> **About this task**:
Reproduce word for word every line from the one containing "以医疗缴费通知单为例,单位申" through the end of the listing below; omit the pictures.

> **Data shown**:
▬▬▬▬▬▬▬▬▬▬
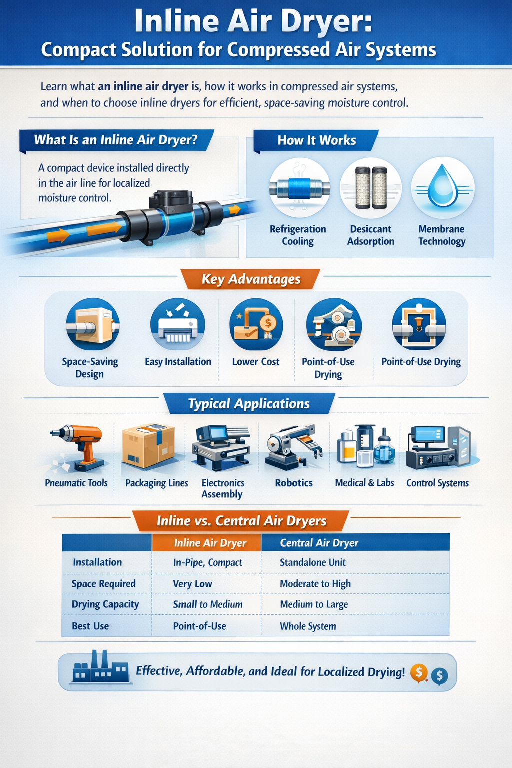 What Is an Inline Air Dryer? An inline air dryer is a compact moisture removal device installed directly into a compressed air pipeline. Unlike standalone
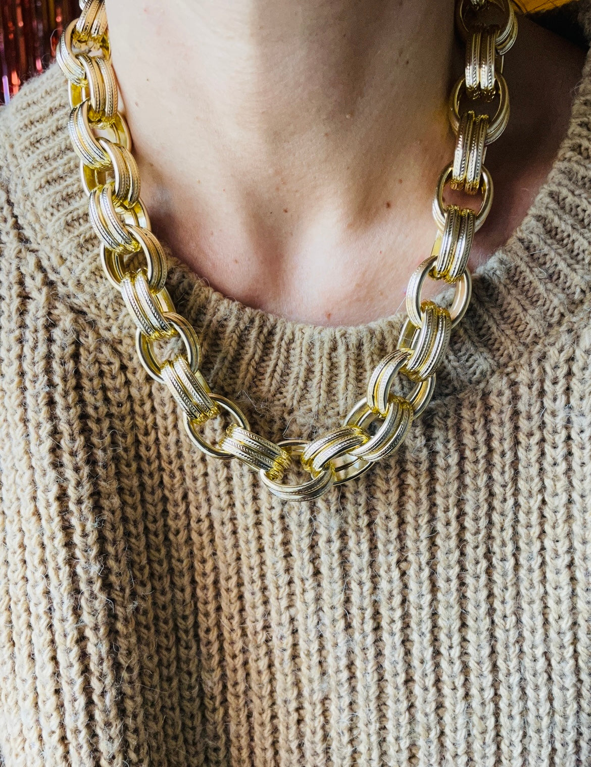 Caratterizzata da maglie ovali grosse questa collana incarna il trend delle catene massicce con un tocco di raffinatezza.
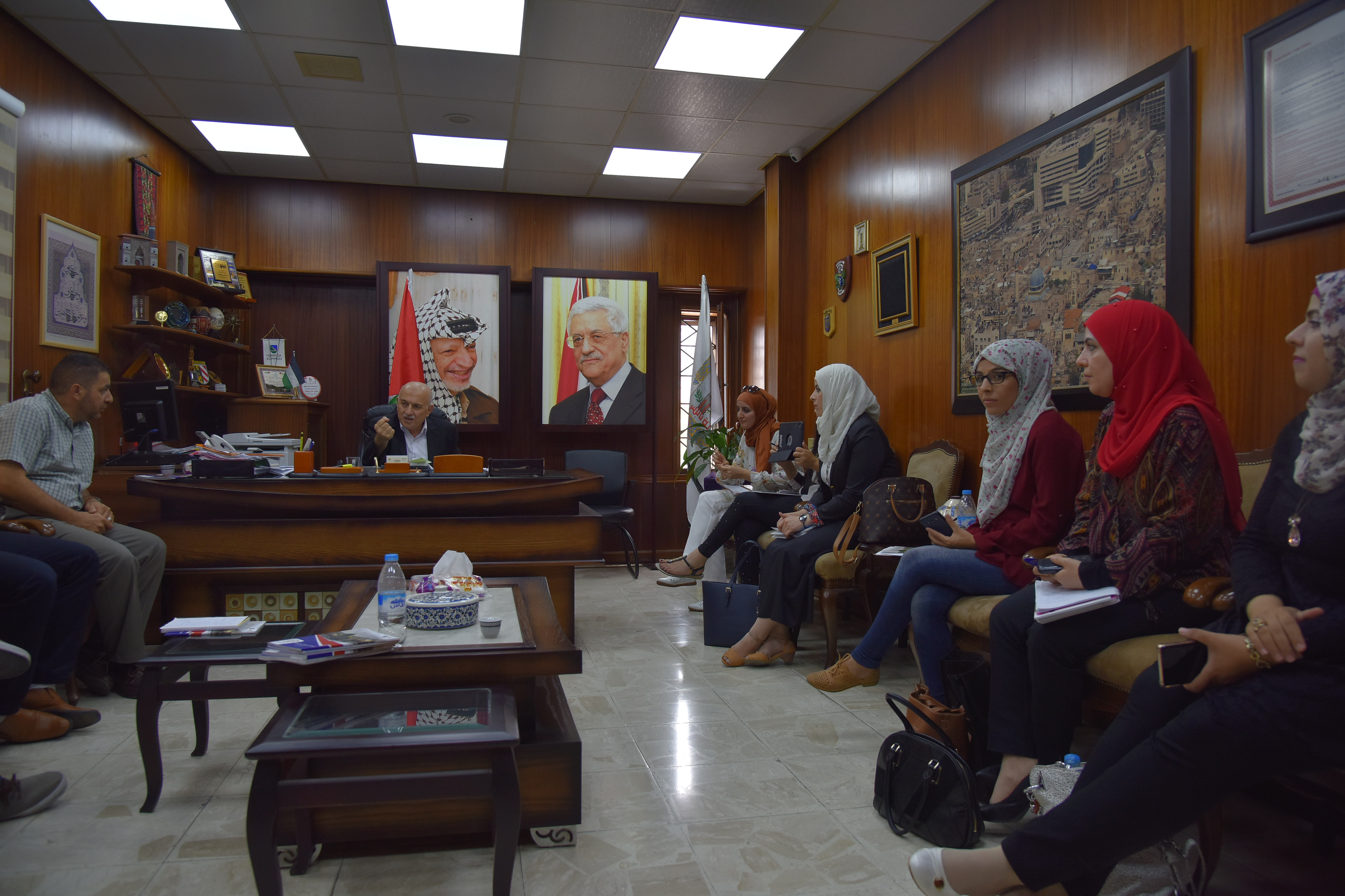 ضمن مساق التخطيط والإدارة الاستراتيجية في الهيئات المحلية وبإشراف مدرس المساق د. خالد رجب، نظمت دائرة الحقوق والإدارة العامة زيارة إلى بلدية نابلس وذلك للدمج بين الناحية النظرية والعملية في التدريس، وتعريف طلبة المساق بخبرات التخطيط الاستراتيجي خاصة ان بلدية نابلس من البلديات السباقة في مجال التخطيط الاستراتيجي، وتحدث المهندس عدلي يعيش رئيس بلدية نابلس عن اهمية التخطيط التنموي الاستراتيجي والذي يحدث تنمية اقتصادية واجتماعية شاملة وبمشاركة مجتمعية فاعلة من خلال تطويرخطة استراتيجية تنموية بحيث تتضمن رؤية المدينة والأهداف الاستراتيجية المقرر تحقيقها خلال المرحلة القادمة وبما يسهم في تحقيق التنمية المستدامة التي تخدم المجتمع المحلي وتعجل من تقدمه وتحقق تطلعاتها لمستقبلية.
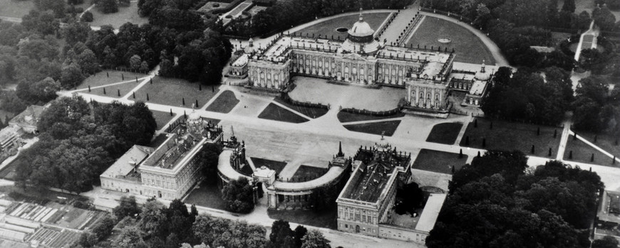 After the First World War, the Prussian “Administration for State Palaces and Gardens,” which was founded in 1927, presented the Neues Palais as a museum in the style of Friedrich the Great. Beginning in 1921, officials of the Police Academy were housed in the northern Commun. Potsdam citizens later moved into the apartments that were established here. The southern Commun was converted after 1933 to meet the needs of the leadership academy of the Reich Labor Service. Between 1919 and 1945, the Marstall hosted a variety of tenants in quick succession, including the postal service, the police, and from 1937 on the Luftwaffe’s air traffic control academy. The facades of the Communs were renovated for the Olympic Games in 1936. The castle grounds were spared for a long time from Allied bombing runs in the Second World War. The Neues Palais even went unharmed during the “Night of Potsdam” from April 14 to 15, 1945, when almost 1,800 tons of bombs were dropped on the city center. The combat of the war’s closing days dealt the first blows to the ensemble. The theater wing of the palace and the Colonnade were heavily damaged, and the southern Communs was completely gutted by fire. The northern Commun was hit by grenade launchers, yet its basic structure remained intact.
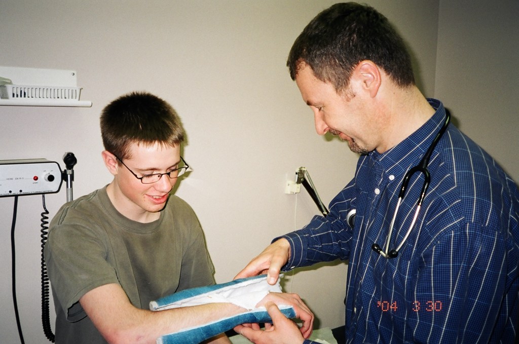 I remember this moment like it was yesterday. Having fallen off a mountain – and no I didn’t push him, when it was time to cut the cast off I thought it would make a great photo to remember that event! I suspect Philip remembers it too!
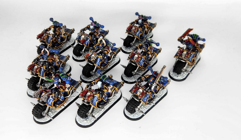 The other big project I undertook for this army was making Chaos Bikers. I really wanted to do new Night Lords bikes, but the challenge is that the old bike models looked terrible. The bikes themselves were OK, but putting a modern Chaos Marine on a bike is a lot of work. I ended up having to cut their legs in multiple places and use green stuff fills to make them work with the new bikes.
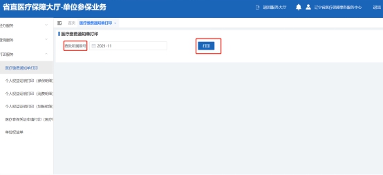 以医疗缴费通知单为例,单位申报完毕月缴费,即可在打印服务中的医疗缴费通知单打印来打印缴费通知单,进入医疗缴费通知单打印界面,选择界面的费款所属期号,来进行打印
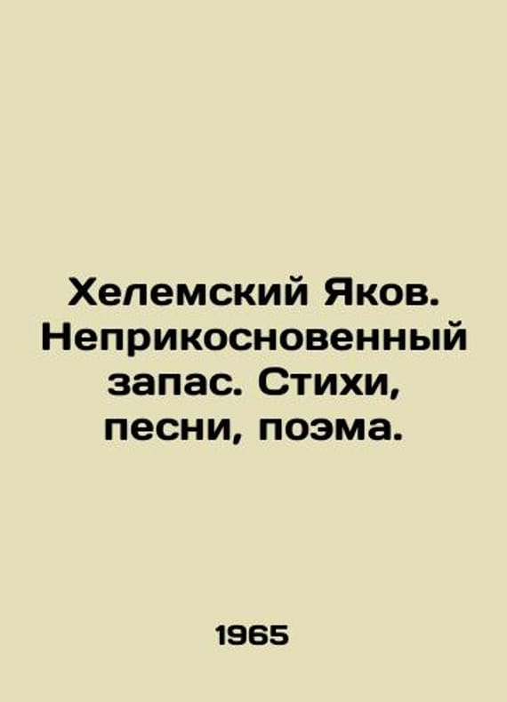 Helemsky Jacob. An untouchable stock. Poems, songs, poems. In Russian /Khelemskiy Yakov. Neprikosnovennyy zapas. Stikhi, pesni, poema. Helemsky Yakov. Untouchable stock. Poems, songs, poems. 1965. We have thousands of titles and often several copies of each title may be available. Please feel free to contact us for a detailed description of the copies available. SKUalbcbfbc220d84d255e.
▬▬▬▬▬▬▬▬▬▬
> **Answer box**:
 以医疗缴费通知单为例,单位申报完毕月缴费,即可在打印服务中的医疗缴费通知单打印来打印缴费通知单,进入医疗缴费通知单打印界面,选择界面的费款所属期号,来进行打印
 Helemsky Jacob. An untouchable stock. Poems, songs, poems. In Russian /Khelemskiy Yakov. Neprikosnovennyy zapas. Stikhi, pesni, poema. Helemsky Yakov. Untouchable stock. Poems, songs, poems. 1965. We have thousands of titles and often several copies of each title may be available. Please feel free to contact us for a detailed description of the copies available. SKUalbcbfbc220d84d255e.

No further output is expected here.